Integrated Management

In addition to fish and rice, diverse agricultural products can be obtained from ricefields. For example, soybean, peppers, tomatoes, sorghum, corn, taro, mustard can be grown on the banks; vine crops such as musky pumpkin, wax gourd, balsam pear, Lagenaria vulgaris, and cow gram can be grown on the awning of the shed; and duckweed can be grown under the shed awning as pig feed.

Impact of Rice–Fish Culture

Production experience has demonstrated that fish farming in ditchpond makes good use of the land, water, and biotic and abiotic resources of ricefields. The rate of use and conversion efficiency of material and energy in the rice–fish ecosystem are higher than in rice-only fields. The system is a desirable production model that combines fish with rice.

Economic Benefits

Fish rearing in ditchponds has a low cost of investment but yields diverse products, which in turn increase total agricultural income. This is demonstrated by some examples from Shangyou County, Jiangxi Province.

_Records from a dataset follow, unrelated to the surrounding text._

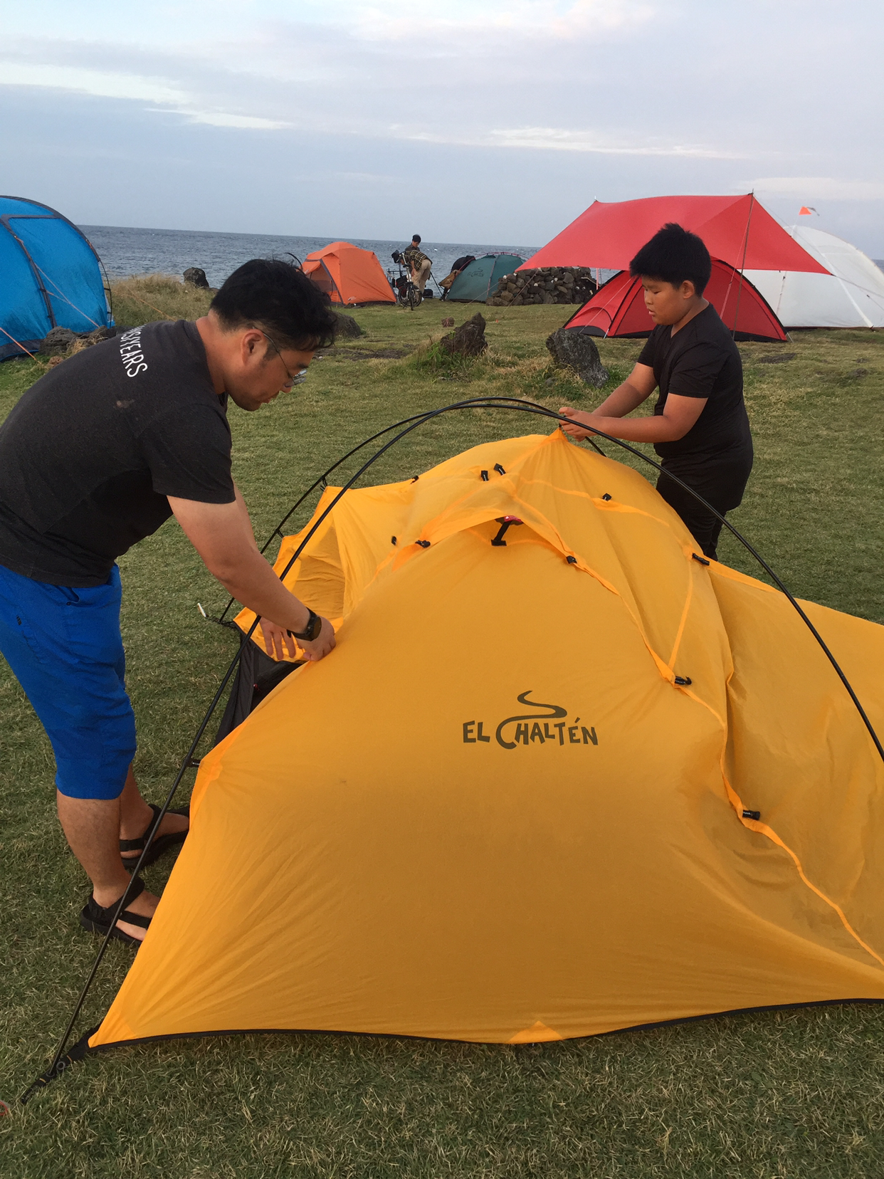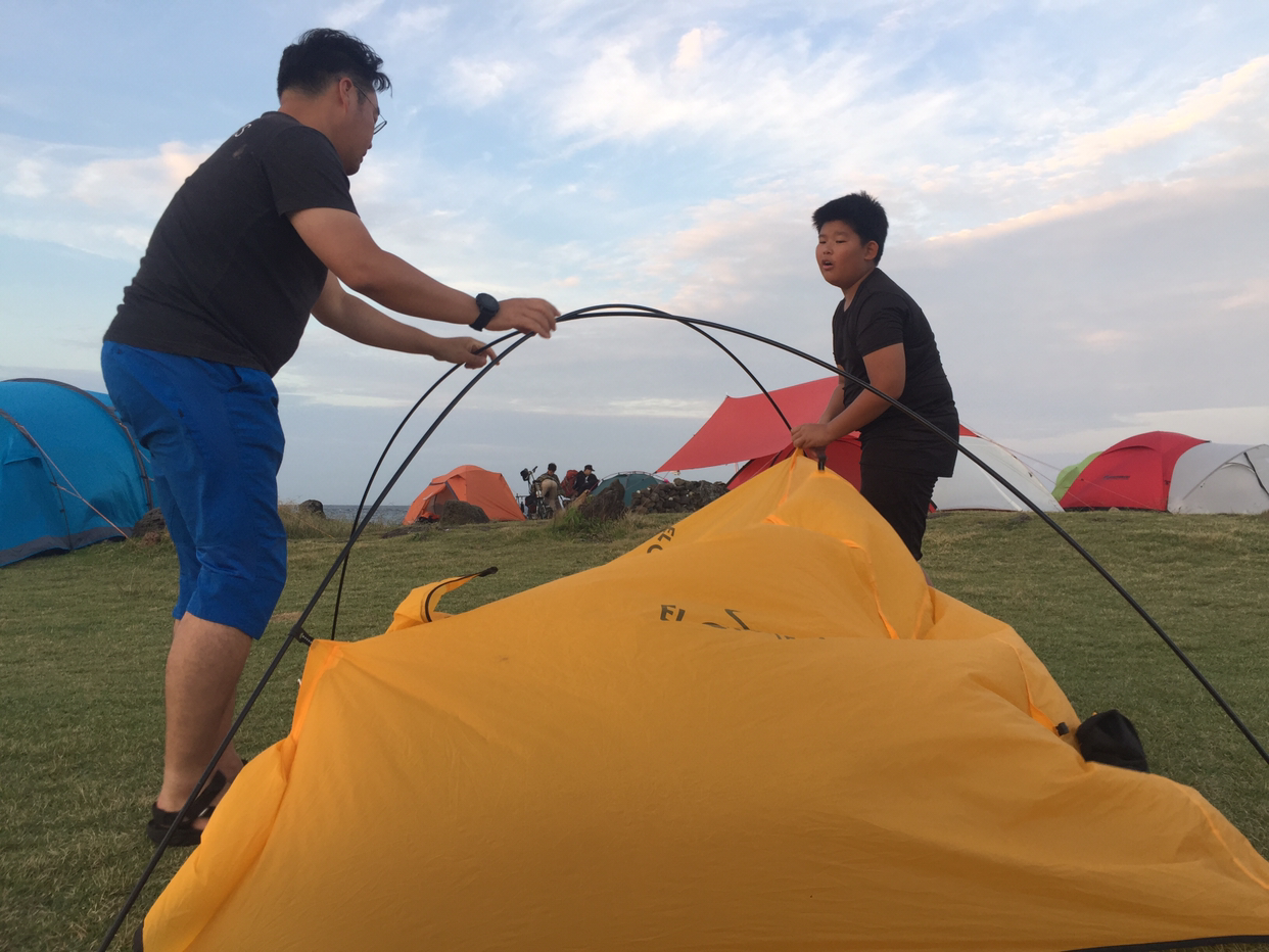 바람 많이 부는 곳에서 텐트 치는 노하우 전수받는 둘째.
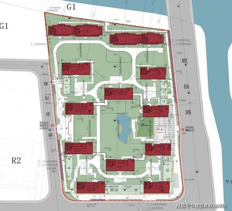 小区整体楼间距在35米左右,楼王8号楼南向楼间距约78米,主出入口设置在小区东侧的顾扬路。
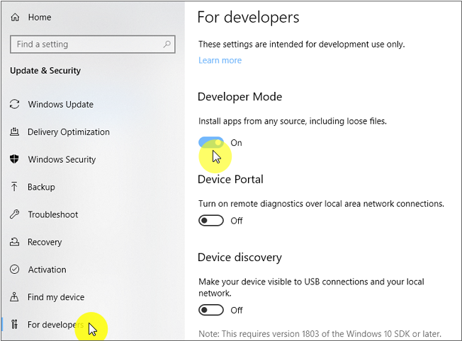윈도우 운영체제 [설정 > 개발자 기능 사용]에서 "개발자 모드"를 활성화합니다.
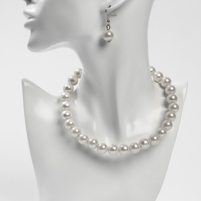 Набор 2 предмета: серьги, колье «Жемчужный рай», d=1,2 см, цвет белый в серебре
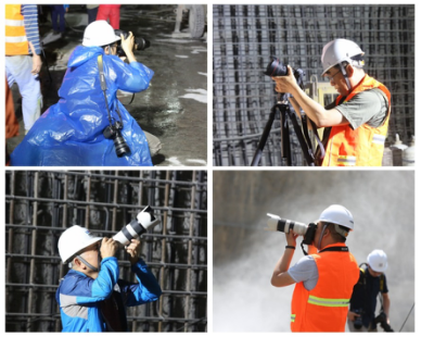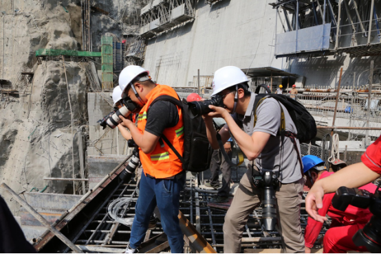 7圖說:攝影師們在烏東德水電站二道壩施工現場進行創作 攝影/趙彤
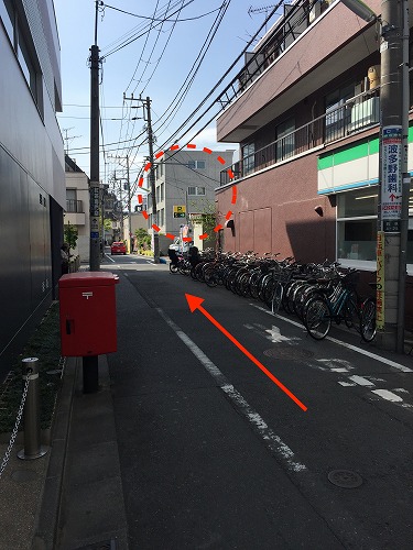 そのファミリーマートを左に曲がります。
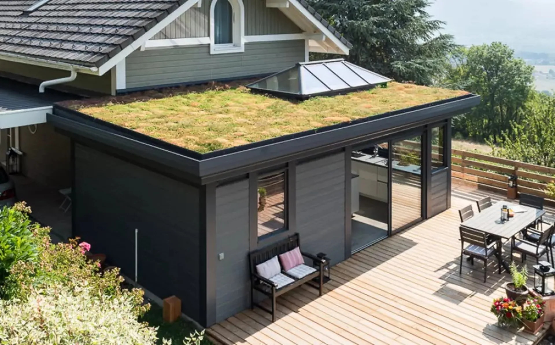 Son toit plat peut accueillir des puits de lumière ou dômes vitrés, apportant une luminosité naturelle incomparable. C’est la solution idéale pour créer une pièce de vie spacieuse et lumineuse, ouverte sur le jardin.

In 1984, fish were raised in ditchponds on 86.5 ha of ricefields. The output of fresh fish averaged 760.5 kg/ha, and the yield of rice increased by over 2900 kg/ha. The value of the total output increased by CNY 5780/ha. Zhong Linying, a farmer in Qixing, practiced monoculture of nile tilapia in a late ricefield and produced 3200 kg of fish per hectare. Cai Yunging, in Henglin, adopted polyculture of grass carp, silver carp, bighead carp, and common carp and produced an output of CNY 15 860/ha (net income CNY 14 700/ha).

In 1985–87, experiments in various parts of Shangyou County produced positive results. For example, a test of fish-rearing was undertaken by Kong Quingrong in a 0.08-ha double-cropped ricefield (area of pond 0.01 ha). The rice harvest was 976.7 kg (9% more than from the same field planted to rice the previous year). In addition, by using the field-bank ridge and shed awning to grow crops, he produced 5 kg of soybean, 5 kg of balsam pears, 15 kg of tomatoes, 30 kg of white gourds, 40 kg of musky pumpkins, 53 kg of kidney beans, and some other vegetables and livestock feeds. The net income, including CNY 264 from the fish, was 3.6 times as much as in the previous year (an increase of CNY 4590/ha).

In 1986, this production system was extended in Dongshang Township. Results from a 0.9-ha field distributed into 23 pieces of land were 40.2 kg (603 kg/ha) of fish and a rice yield that averaged 11 063 kg/ha (1.8% higher than in the previous year). In addition, average income was CNY 304/ha and total value reached CNY 5680/ha.

In 1987, results were obtained from five households in Dongshan Township. Kang Renhai obtained 15 018 kg of rice, 975 kg of fresh fish per hectare, and CNY 294 from other interplanted crops (e.g., taro, soybean, and pumpkin) for a total output of CNY 20 400/ha. In contrast, an adjacent field that was the same size but had no fish had an output that was 3.15 times lower in value.

Ecological Effects

The rice–fish system is an artificially controlled ecosystem in which rice and fish coexist, depend on, and promote each other. Fish play several roles in the system.

Weed control and preservation of soil fertility. In the ricefield, weeds compete with rice for nutrients, land, water, space, and sunlight. As a result they greatly affect the growth of the rice plants. Experiments have shown that 1 kg of grass-carp fingerlings in a ricefield consume about 40–60 kg of weeds, which would absorb about 1.25 kg of nitrogen as they grow. In the rice–fish system, weeds are eaten by grass-eating fish and their waste becomes a field manure that helps conserve and enrich soil fertility.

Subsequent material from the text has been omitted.